Please make sure the -G annotation file uses the same naming convention for the genome sequences.
I was considering the possibility that the reference used for minimap2 may not be compatible with the reference used in stringtie2. However, given I supplied to the parameters csv a unique transcriptome fa and gtf, and that transcript identification was still possible by stringtie2 as part of the nanoseq pipeline, I'm not certain how to proceed further.
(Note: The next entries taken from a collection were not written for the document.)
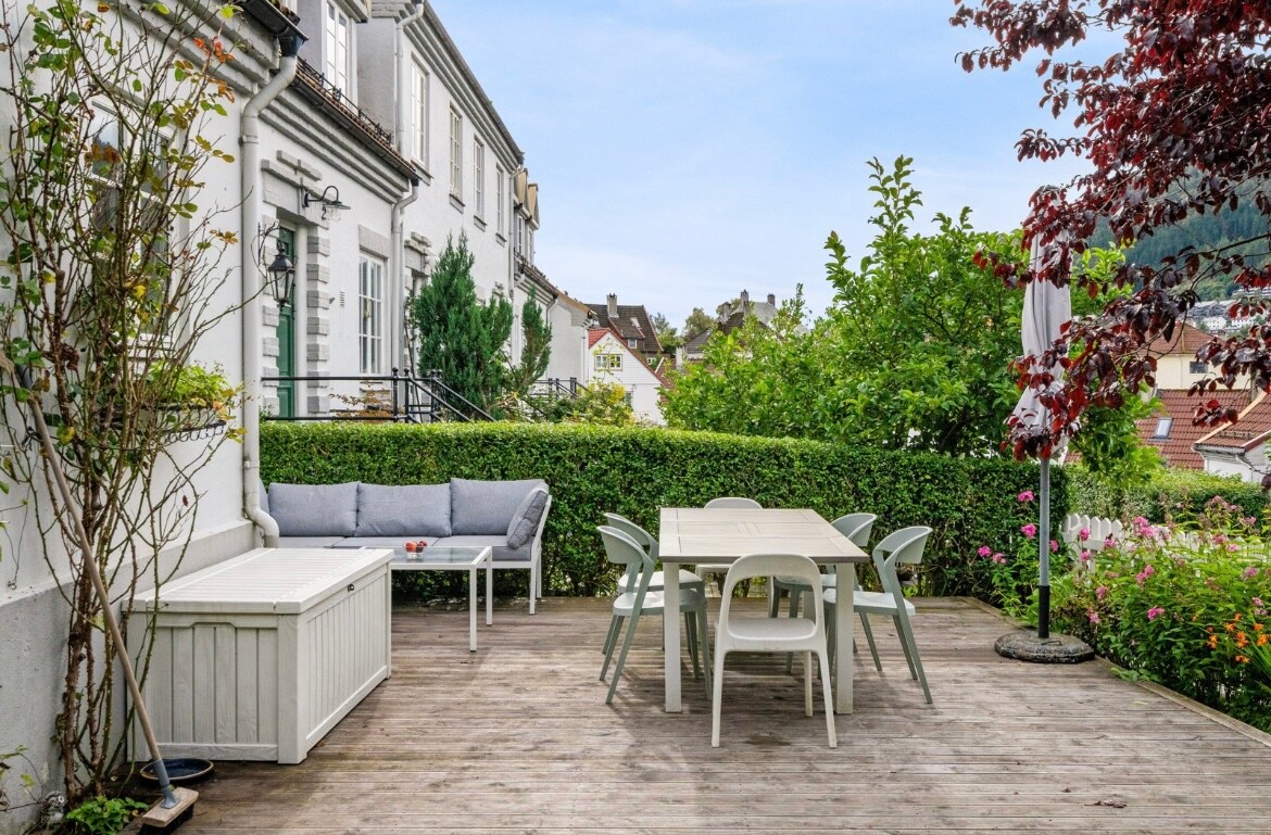 Dobrodošli v naši sodobni in družinam prijazni vrtni vrstni hiši. Hiša se nahaja v edinem vrtnem mestu v Bergnu in ima več kot sto let staro zgodovino. Tukaj boste našli 4 prostorne spalnice, 2 kopalnici in očarljiv vrt z več terasami. Območje je mirno z malo prometa, hkrati pa imate kratko pot do priljubljenih restavracij in kavarn. Hiša je tudi odlično izhodišče za doživetje mesta - Bryggen, Ulriken in Fløyen so v bližini. Enostaven dostop z lahko železnico (približno 5 minut stran) ali parkiranje na ulici.
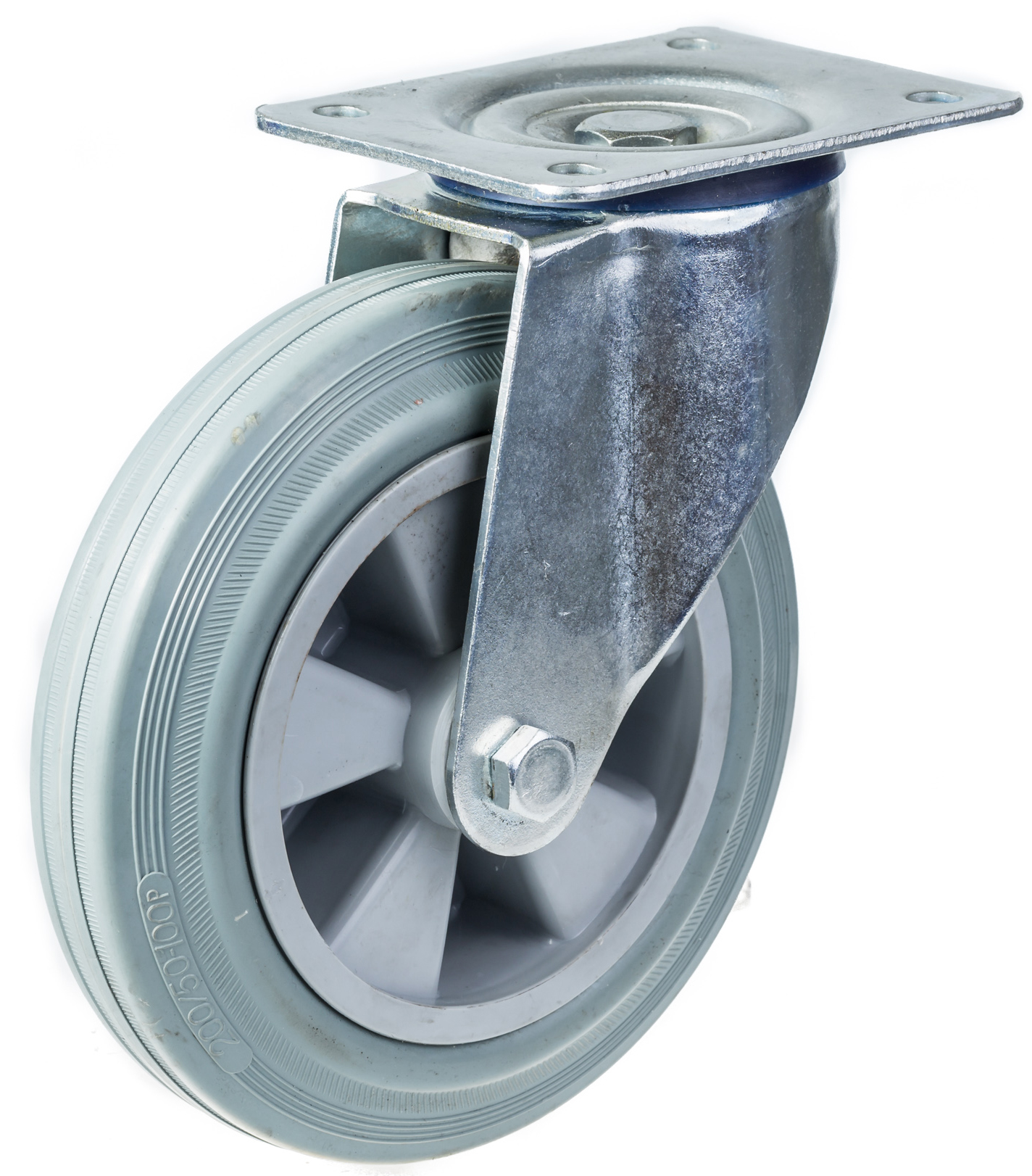 200mm swivel castor with grey rubber on polypropylene centre wheel
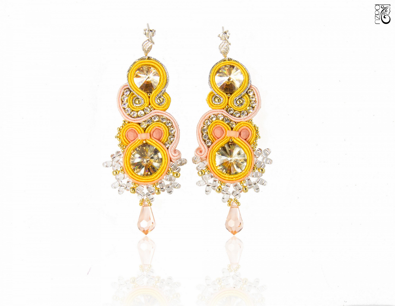 Dlhé elegantné náušnice z kolekcie Vesna a Večernica v kombinácii farieb žltá-oranžová-lososovoružová- zlatá.

The csv file I used is as follows:
group,replicate,barcode,input_file,fasta,gtf
HUMAN_FTO_WT_DMSO_M,1,,/home/user/data/nanoseq/raw/PAQ63378_FTO_WT_DMSO_M/PAQ63378_FTO_WT_DMSO_M_basecalled.fastq.gz,/home/user/data/nanoseq/gencode.v44.transcripts.fa,/home/user/data/nanoseq/gencode.v44.annotation.ChrPresent.gtf
HUMAN_FTO_WT_BT2,1,,/home/user/data/nanoseq/raw/PAQ87300_FTO_WT_BT2/PAQ87300_FTO_WT_BT2_basecalled.fastq.gz,/home/user/data/nanoseq/gencode.v44.transcripts.fa,/home/user/data/nanoseq/gencode.v44.annotation.ChrPresent.gtf
Executed this command:
nextflow run nf-core/nanoseq --input /home/samuel/data/nanoseq/raw/nanoseq_pars.csv --protocol directRNA --skip_demultiplexing --skip_fusion_analysis -profile singularity
Based on this, it seems like there's an inherent incompatibility with my ref files (genocode) and what stringtie2 is able to process?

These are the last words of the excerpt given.